Rabbi's Message

 

RABBI’S MESSAGE:

       

The Booth that Symbolizes Modern Life

 

Even after so many years as a Rabbi, I still feel a tremendous sense of awe when I lead the congregation in Jewish ceremonies. This is because many of them have been done uninterruptedly for more than 3,000 years, originating in Biblical times.

A colorful example of this is occurring now at the synagogue. In Leviticus, as the Jewish People are commanded, for all time, to keep the Fall Festival of Booths, the following ordinance is laid out: "You shall dwell in booths for seven days ... that your generations may know that I made the Israelites to dwell in booths (in the wilderness) when I brought them out of the land of Egypt." (Leviticus 23:42-43). Following this admonition, each year we complete our Sukkah  which  reminds us of our ancestors’ desert dwellings.

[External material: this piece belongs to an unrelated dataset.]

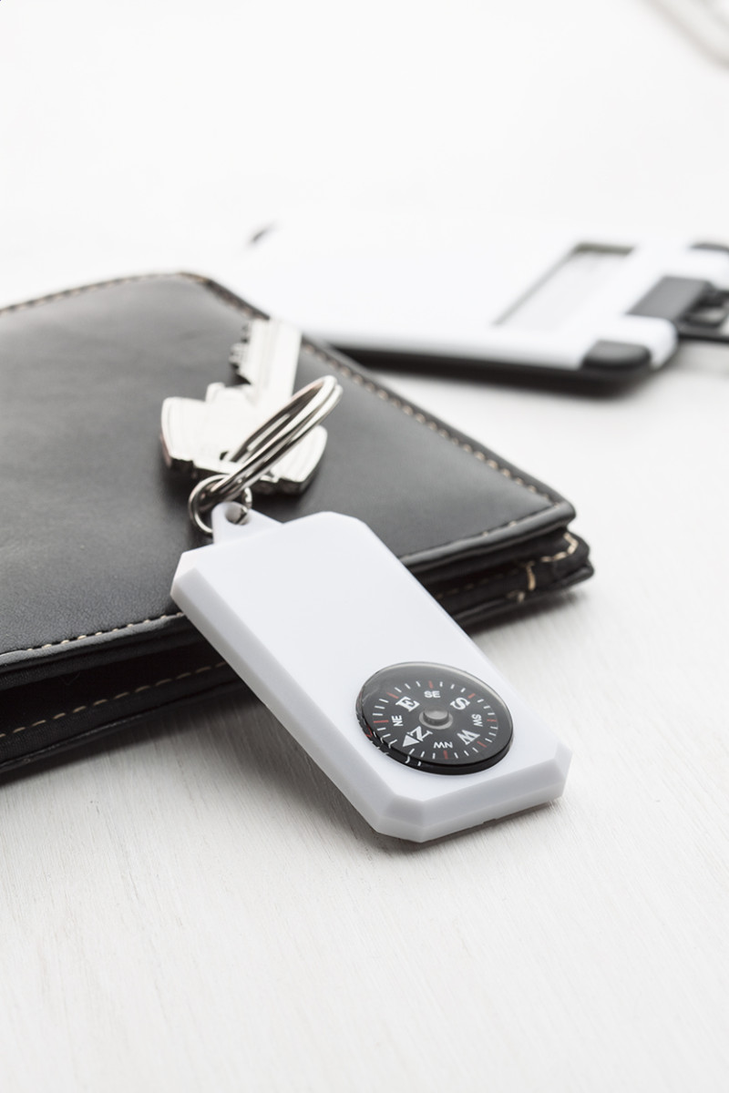 Műanyag kulcstartó iránytűvel és fém kulcskarikával. Eleje

Prayers of thanksgiving are said in it and meals may be eaten therein. Indeed, during this festival week.

According to our sages, the Sukkah - with its certain dual nature - actually imparts much about life itself. On one hand, it has a temporary quality; it has to be taken apart and put together each year, or it is not a valid Sukkah according to Jewish Law. In the same way, so much of our lives is transitory - styles of clothing, music, fads, colloquial expressions, types of social gatherings. This is what, some years ago, the writer Alvin Toffler called "Future Shock," the "temporariness" in daily life.

Conversely, within the frail walls of the Sukkah there is permanence. Time-honored traditions are carried out within its walls. It's there that we voice Psalms of praise to God. We study Torah. This reminds us what holds our lives together, amid the fleetingness of so much around us.

Another writer, Louis J. Rabinowitz, speaks of "personal stability zones" - relationships we need with ongoing stable things. More than anything, it is our religiosity - our prayers and our Scriptural direction - which provides this. I recently read of a man who had to flee his home during the devastating fires in the Los Angeles area. He said, leaving almost everything behind, he took his faith with him. That was his mooring. 

May the underlying permanence of the frail Sukkah - the rock of faith - truly be ours.